I have devoted myself to the cause of the people. It is a good cause… It shall ultimately prevail… It shall finally triumph (Thomas Muir, August 1793)
The 2016 Thomas Muir Lecture will be given on 24th August by Lesley Riddoch, who will speak on issues of democracy today.
Murray Armstrong, author of The Liberty Tree: The Stirring Story of Thomas Muir and Scotland’s First Fight for Democracy will also attend.
225 years ago Thomas Muir led a movement demanding the vote for the ordinary men of Scotland. Muir was just 26 years old. His campaign against corruption in politics and society touched every town and village in the country and his fame soon spread to England and Ireland. The great but short-lived political reform movement of the 1790s catapulted the son of a Glasgow grocer – a man who expelled himself from Glasgow University but soon rose to become an advocate at the socially exclusive Scottish bar – to international fame.

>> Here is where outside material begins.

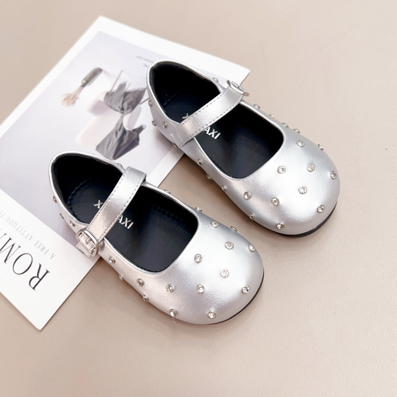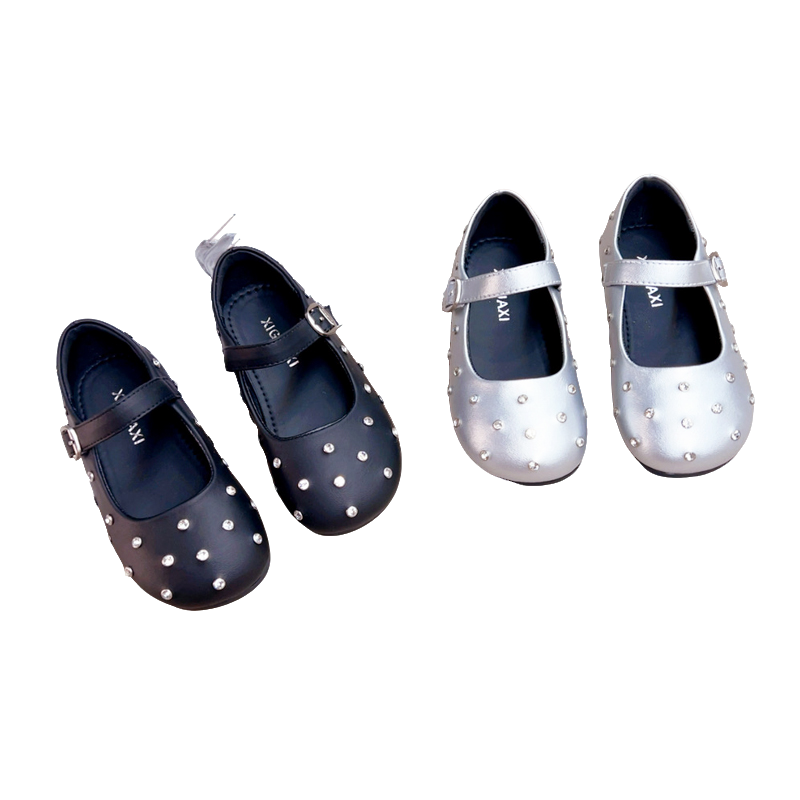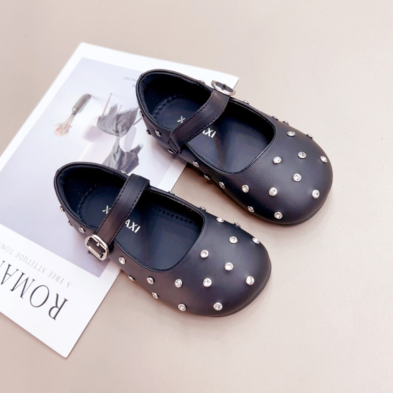 童鞋 女孩表演出单鞋 2025秋季 儿童水钻黑色小公主鞋 新款 女童小皮鞋

Muir’s nemesis was Henry Dundas, home secretary and powerful political manager of all of Scotland, who controlled the country with a cocktail of patronage and nepotism. Dundas had Muir arrested on a trumped-up charge of sedition and his ‘show trial’, disgraceful in the annals of Scottish legal history, caused public and parliamentary outrage. A picked and packed jury convicted Muir, and he was sentenced, quite unlawfully, to 14 years transportation in the newly established penal colony of Botany Bay. Four of Muir’s fellow reformers were similarly convicted and sentenced and the outrage grew. The cases were reported in all of Europe and in the fledgling United States, and the revolutionary government in France made an unsuccessful attempt to rescue them from their transport ship in the Bay of Biscay. They were Australia’s first political prisoners.
Muir eventually escaped to North America, was deported to Spain and finally made it back to France, where he died at Chantilly in 1799.
Lesley Riddoch is a journalist, broadcaster and author of Blossom: What Scotland Needs to Flourish. She contributes regularly to The Scotsman, Sunday Post, The Guardian, Newsnight Scotland and Scotland Tonight, and is the founder and director of Nordic Horizons, a policy group bringing Nordic experts into the Scottish Parliament. Lesley founded the Scottish feminist magazine Harpies and Quines, won two SONY awards for her daily Radio Scotland show and edited The Scotswoman, a 1995 edition of The Scotsman written and edited by its female staff.
The 2016 Thomas Muir Lecture will take place at 7.30pm on Wednesday 24th August at St Mary’s Episcopal Cathedral, Palmerston Place. Doors open at 7pm. Tickets are available now via Eventbrite here; they are free, but a suggested donation of £5 would be appreciated to cover costs. If you have any queries please contact Word Power Books. This event is supported by the Friends of Thomas Muir.
An episode of Great Lives featuring Thomas Muir will be broadcast on Tuesday 9 August at 4.30pm on Radio 4. Matthew Parris’s guest will be Alex Salmond and Murray Armstrong will be the expert witness.
We have achieved a great duty in these critical times. After the destruction of so many years, we have been the first to revive the spirit of our country and give it a National Existence. (Thomas Muir, 1799).